# Once you NQ your agility run (video)



## MaggieRoseLee (Aug 17, 2001)

take the opportunity to TRAIN!!! Check out the 2on/2off at the dogwalk!


----------



## Cassidy's Mom (Mar 30, 2003)

Beautiful! :thumbup:


----------



## Rerun (Feb 27, 2006)

What did the dog do to NQ? The dropped fence is a NQ? If so, what is the purpose of making the dog wait on the dogwalk if the dropped rail NQ'd the dog? 

What does 2on/off the dogwalk mean?

Is that GSD shaved??


----------



## gsdheeler (Apr 12, 2010)

Dropping a bar is a NQ fault, 2 feet on 2 feet off (2on 2 off) is a trained contact behavior. If you have paid $$$ to take your dog into the ring and you do NQ why not get some training time out of it. No the dog is not shaved.


----------



## Rerun (Feb 27, 2006)

thank you  I didn't know dropping a bar was a NQ. I thought it just added time on.


----------



## BlackPuppy (Mar 29, 2007)

Except when it's obvious and the judge haves you to leave the ring. 

Last AKC agility trial I attended we had a no nonsense judge who did just that. The handler was very obviously training the dog in the ring after the NQ.


----------



## MaggieRoseLee (Aug 17, 2001)

Rerun said:


> thank you  I didn't know dropping a bar was a NQ. I thought it just added time on.

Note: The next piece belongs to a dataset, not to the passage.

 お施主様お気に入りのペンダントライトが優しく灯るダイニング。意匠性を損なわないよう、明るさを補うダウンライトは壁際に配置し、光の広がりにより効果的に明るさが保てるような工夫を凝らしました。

At least in AKC Agility a knocked bar immediately makes a non-qualifying run (NQ) no matter what level you are competing in. BTW, the knocked bar was SO my fault. Some dogs were coming out of the chute and missing the jump entirely cause we handlers took it for granted with a cue and then kind of pulled off to the table cause we were worried they'd take the off course tire if we pushed the jump. So I did the opposite (didn't trust my Bretta) and sent her to the chute, ran FAST with her to the jump and suddenly stopped short with a sharp shoulder pull to get the turn to the table. Sudden slow downs and sharp movements make Bretta think she's gone wrong and gets her SUPER handler focused. So she'll jerk her head to watch my stupid ridiculous over cuing and drop her rear legs thus dropping the bar....DUH! It was a BEAUTIFUL run otherwise. 

As far as the 2on/2off I am doing, though it's clearly training.....  since it was at the very end of the run it wouldn't have saved any time or meant anything at all if I did get whistled off. So the judge didn't bother. If you watch Bretta on the aframe and teeter, those are ALSO 2on/2offs but with a quick release. 

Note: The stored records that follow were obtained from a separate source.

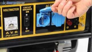 Вращающий момент бензинового агрегата Forte FG 6500EA производит до 5.5 кВт мощности. Ее распределение на питающие устройства реализовано через две розетки: на 16 А и на 32 А. Для стабилизации выходного напряжения в модели используется синхронный альтернатор. Значение вырабатываемого вольтажа показывается стрелочным вольтметром на панели управления генератора.
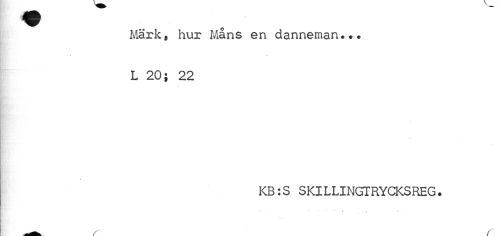 //// fåll ' //// Märk, hur Måns en danneman... L 20; 22 //// KB:S SKILLINGTRYCKSREG. //// ? .. • i ////
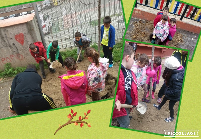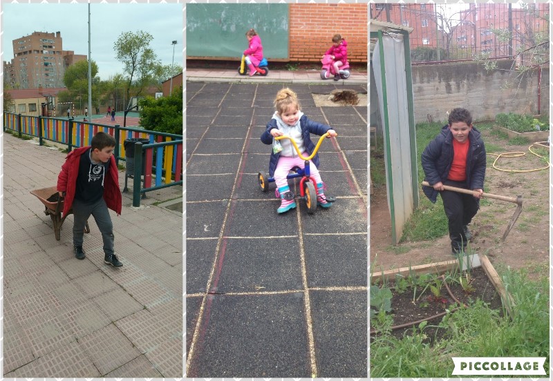 En seguida nos pusimos manos a la obra cogiendo azadas, palas, carretillas (que hubo que reconstruir), mantillo… hasta alguno se atrevió a manejar la máquina que nos dejaron para poder hacer los agujeros en la tierra, una especie de » tuneladora» sin la cual hubiera sido más que complicado el poder hacerlo… y allí todo el mundo arrimó el hombro… ¡hasta los más pequeños hacían turnos para coger las palas!

The reason I go into 'training' mode as soon as we NQ (which happens at the Excellent level if any error occurs) is then I can throw in all the handler moves I THOUGHT wouldn't work or wasn't sure I'd do properly......and see if I was right! Much more fun when I'm in this mode too cause I'm no longer being careful or stressed but kind of just RUN while trying to remember the alternate handling stuff I was too chicken to make part of my first Grand Plan :wild:

Bretta isn't shaved, as someone else mentioned. She came that way with a very very short stock coat. It's crazy how she stays just as warm in the winter as my dogs with more coat. The miracle of fur or something


----------



## Rerun (Feb 27, 2006)

I understood it was training, just confused why if the dog NQ'd over a fence why the training wasn't also over a fence vs something the dog did correctly.


----------



## MaggieRoseLee (Aug 17, 2001)

Rerun said:


> I understood it was training, just confused why if the dog NQ'd over a fence why the training wasn't also over a fence vs something the dog did correctly.


Great question!

Cause the jump going down wasn't actually her fault, it was mine. It's hard to see but I was way over handling her. Dogs were missing that jump after the chute because we were worried about pushing too much to GET the jump and then having our dogs continue to take the off course tire jump rather than the turn to the table.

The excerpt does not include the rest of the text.